◆ **Exercise**:
From the material below, copy exactly the lines beginning with the one that contains "Amazon Essentials 14K" and ending with the one that contains "While the exterior"; the pictures stay out.

◆ **Data supplied**:
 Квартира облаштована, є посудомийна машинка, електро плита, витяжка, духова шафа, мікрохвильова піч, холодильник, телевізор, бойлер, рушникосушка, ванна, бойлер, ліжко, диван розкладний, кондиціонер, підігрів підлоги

==

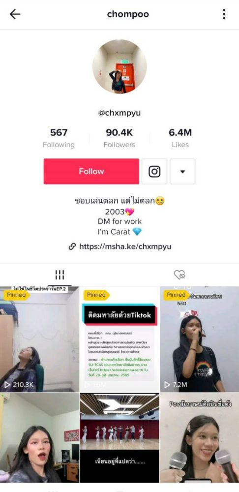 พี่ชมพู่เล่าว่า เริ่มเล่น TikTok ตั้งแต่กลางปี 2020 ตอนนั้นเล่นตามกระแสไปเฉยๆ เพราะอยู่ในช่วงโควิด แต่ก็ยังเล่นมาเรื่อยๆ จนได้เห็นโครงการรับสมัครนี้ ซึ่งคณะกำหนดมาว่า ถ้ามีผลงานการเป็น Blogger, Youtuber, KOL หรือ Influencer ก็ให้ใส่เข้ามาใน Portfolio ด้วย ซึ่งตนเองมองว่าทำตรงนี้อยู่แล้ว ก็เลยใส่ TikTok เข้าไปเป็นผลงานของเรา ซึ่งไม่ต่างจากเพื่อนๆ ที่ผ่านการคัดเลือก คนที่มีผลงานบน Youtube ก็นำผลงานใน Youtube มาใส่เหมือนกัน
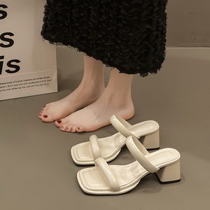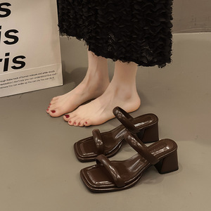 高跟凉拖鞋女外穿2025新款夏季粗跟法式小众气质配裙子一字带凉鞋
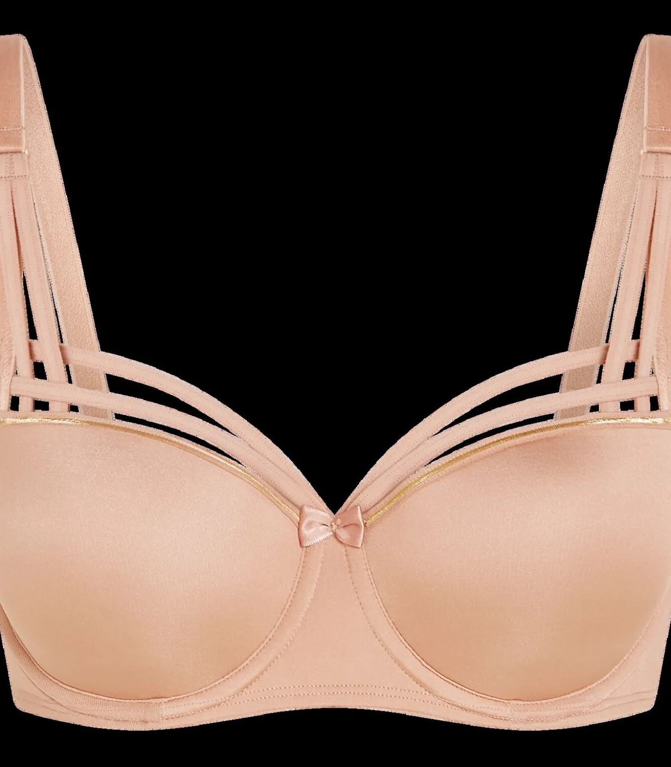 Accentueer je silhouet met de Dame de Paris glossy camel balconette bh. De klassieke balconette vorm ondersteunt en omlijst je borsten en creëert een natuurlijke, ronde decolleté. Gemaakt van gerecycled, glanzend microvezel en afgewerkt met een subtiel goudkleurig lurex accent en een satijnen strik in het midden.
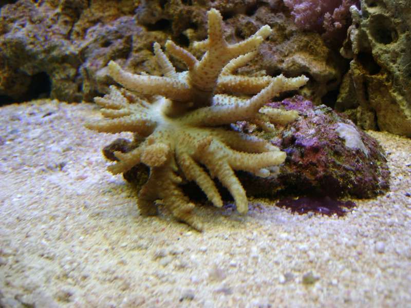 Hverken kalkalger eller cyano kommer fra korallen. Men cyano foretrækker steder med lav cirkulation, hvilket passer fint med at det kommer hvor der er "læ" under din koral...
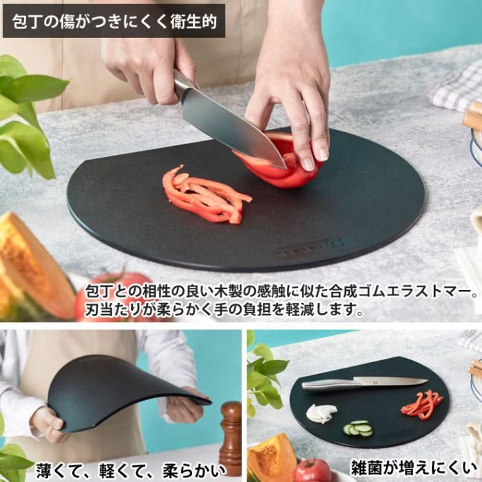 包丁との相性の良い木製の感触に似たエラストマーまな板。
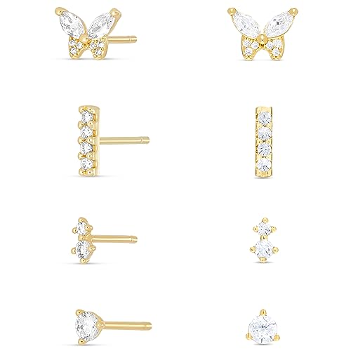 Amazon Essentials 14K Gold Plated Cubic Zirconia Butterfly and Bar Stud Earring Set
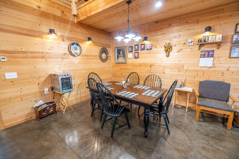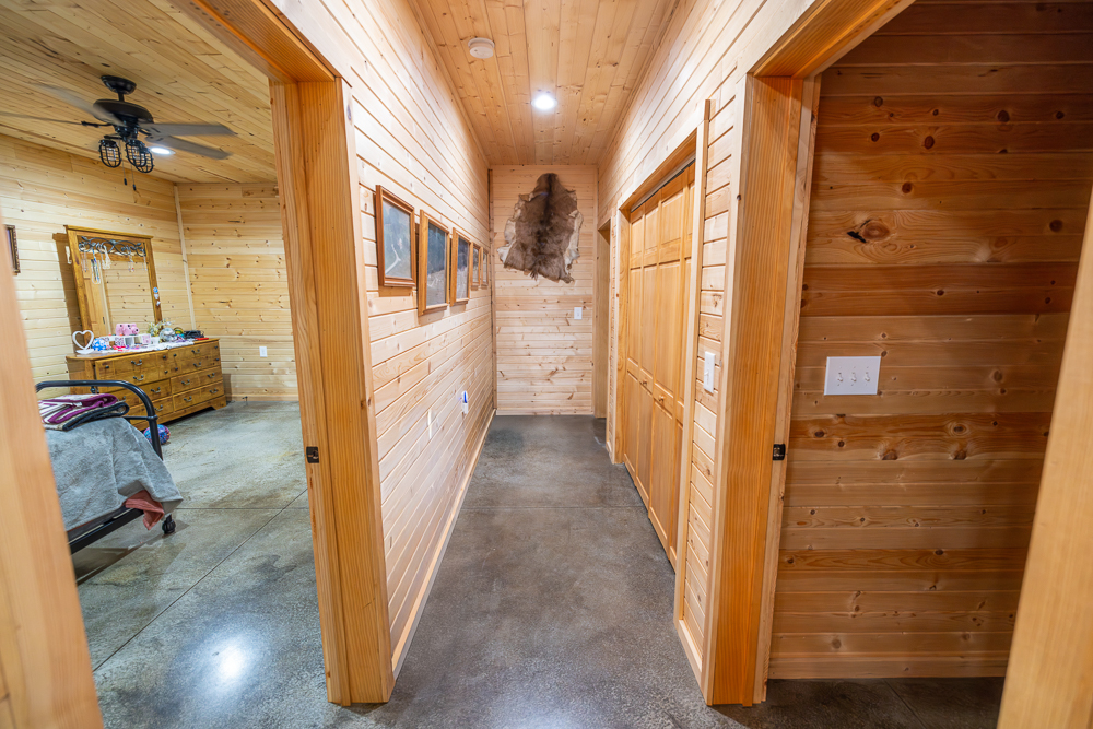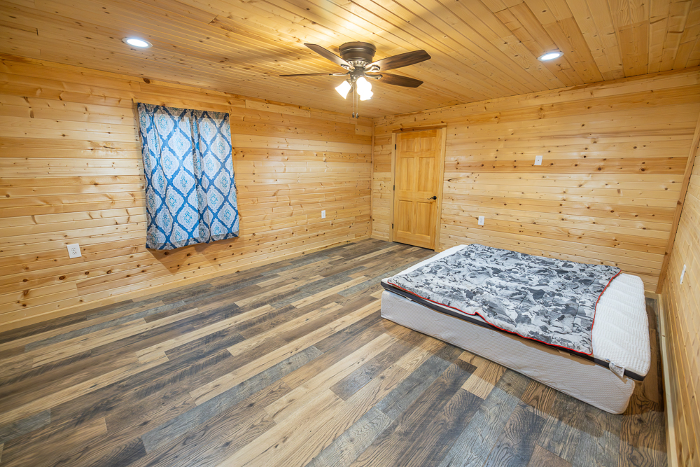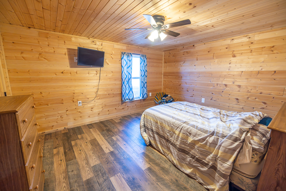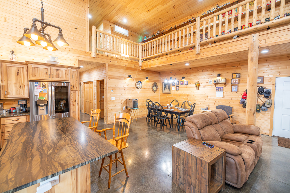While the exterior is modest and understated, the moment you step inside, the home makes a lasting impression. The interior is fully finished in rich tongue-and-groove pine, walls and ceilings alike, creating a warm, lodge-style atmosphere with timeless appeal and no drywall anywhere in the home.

--

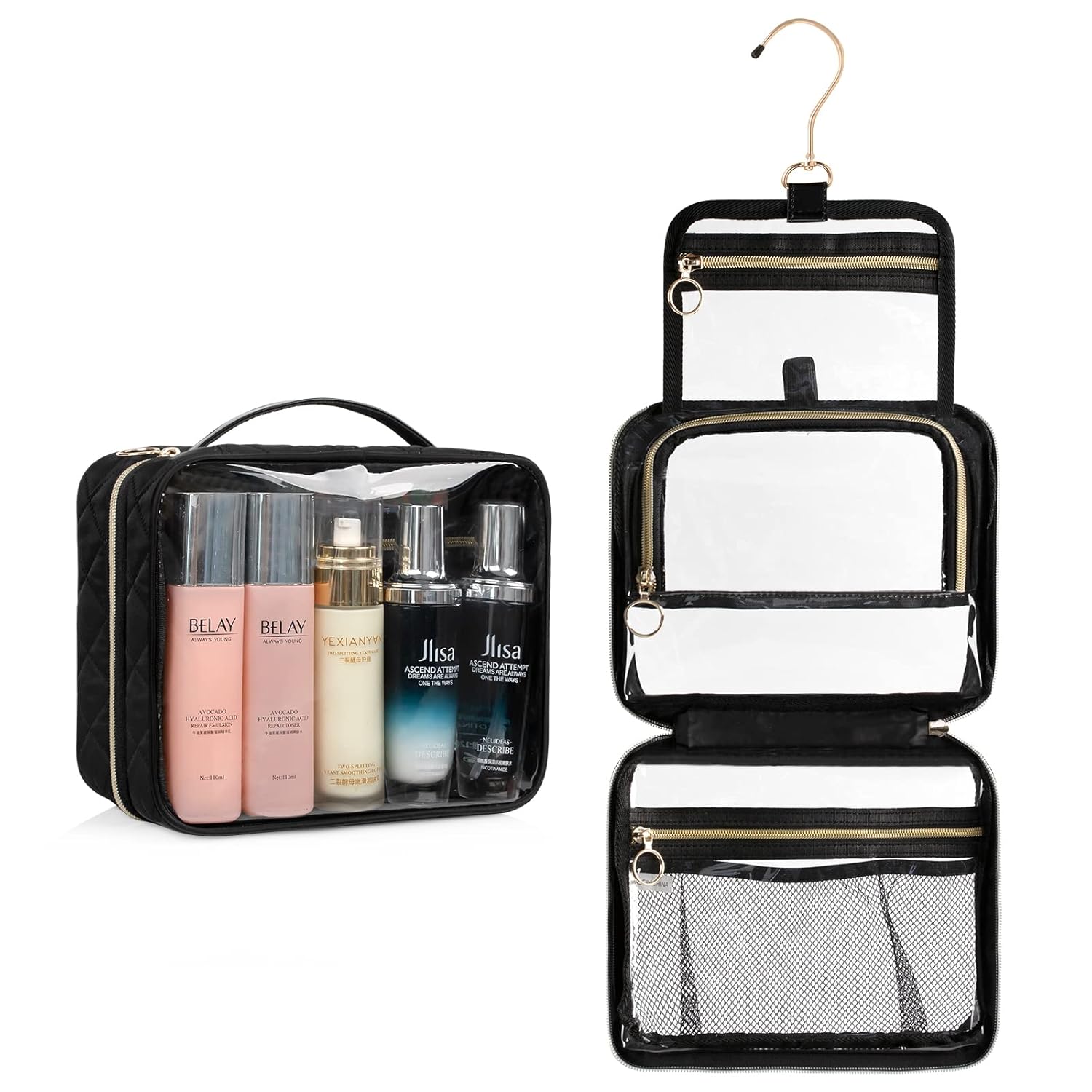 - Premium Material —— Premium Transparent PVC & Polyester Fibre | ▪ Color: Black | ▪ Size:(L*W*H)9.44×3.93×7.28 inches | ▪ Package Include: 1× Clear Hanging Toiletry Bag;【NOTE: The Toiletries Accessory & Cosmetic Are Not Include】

◆ **Exercise solution**:
 Amazon Essentials 14K Gold Plated Cubic Zirconia Butterfly and Bar Stud Earring Set
While the exterior is modest and understated, the moment you step inside, the home makes a lasting impression. The interior is fully finished in rich tongue-and-groove pine, walls and ceilings alike, creating a warm, lodge-style atmosphere with timeless appeal and no drywall anywhere in the home.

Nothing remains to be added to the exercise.